In sub-Saharan Africa, non-typhoidal Salmonella (NTS) are a frequent cause of bloodstream infection, display high levels of antibiotic resistance and have a high case fatality rate (15%). In Kisantu hospital in the Democratic Republic of Congo (DR Congo), NTS account for 75% of bloodstream infection in children and many children are co-infected with Plasmodium falciparum (Pf) malaria. NTS bloodstream infection presents as a non-specific severe febrile illness, which challenges early diagnosis and, as a consequence, prompt and appropriate antibiotic treatment.Moreover, at the first level of care, frontline health workers have limited expertise and diagnostic skills and, as a consequence, clinical danger signs that indicate serious bacterial infections are often overlooked.
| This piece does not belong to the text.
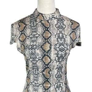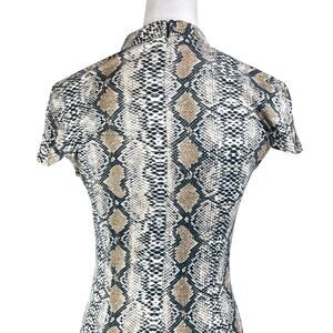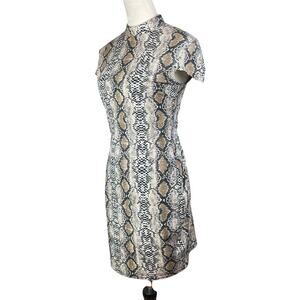 I.AM.GIA Snakeskin Form Fitting Short Cap Sleeves Band Collar Zip Up Mini Dress
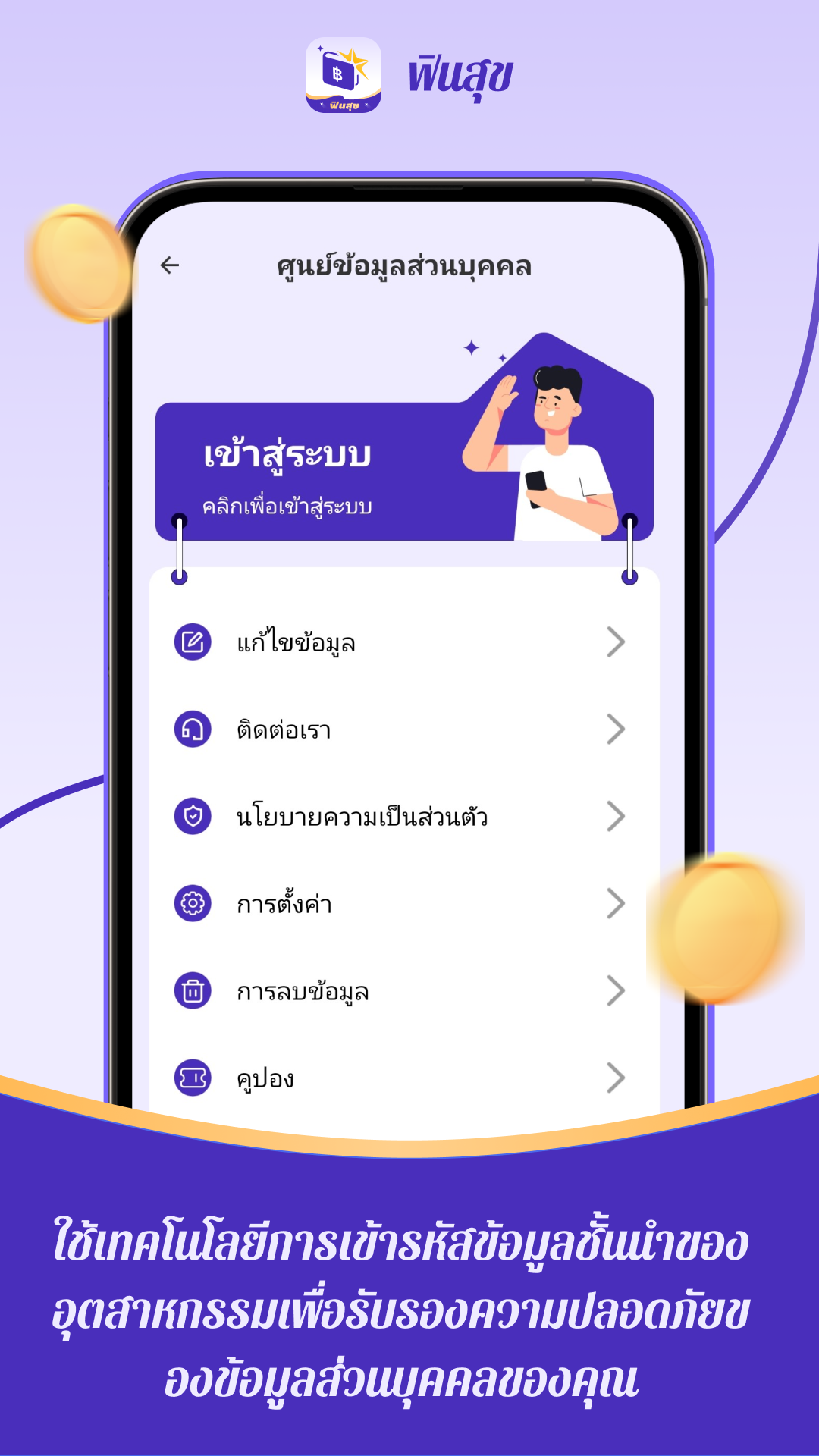 ดาวน์โหลดและติดตั้ง ฟินสุข จาก Google Store สร้างบัญชีและยืนยันตัวตนให้เสร็จสมบูรณ์ โดยใช้หมายเลขโทรศัพท์มือถือของคุณ

Basic handheld diagnostic instruments and point-of-care tests can help to reliably detect danger signs and improve triage, referral and the start of antibiotics, but there is need for field implementation and adoption to low-resource settings. Further, it is known that some clinical signs and symptoms are frequent in NTS bloodstream infections. The integration of these clinical signs and symptoms in a clinical decision support model can facilitate the diagnosis of NTS bloodstream infections and target antibiotic treatment. The investigators aim to develop such a clinical decision support model based on data from children under five years old admitted to Kisantu district referral hospital in the Democratic republic of the Congo. While developing the model, the investigators will focus on the signs and symptoms that can differentiate NTS bloodstream infection from severe Pf malaria and on the clinical danger signs that can be assessed by handheld diagnostic instruments and point-of-care tests. The deliverable will be a clinical decision support model ready to integrate in an electronic decision support system.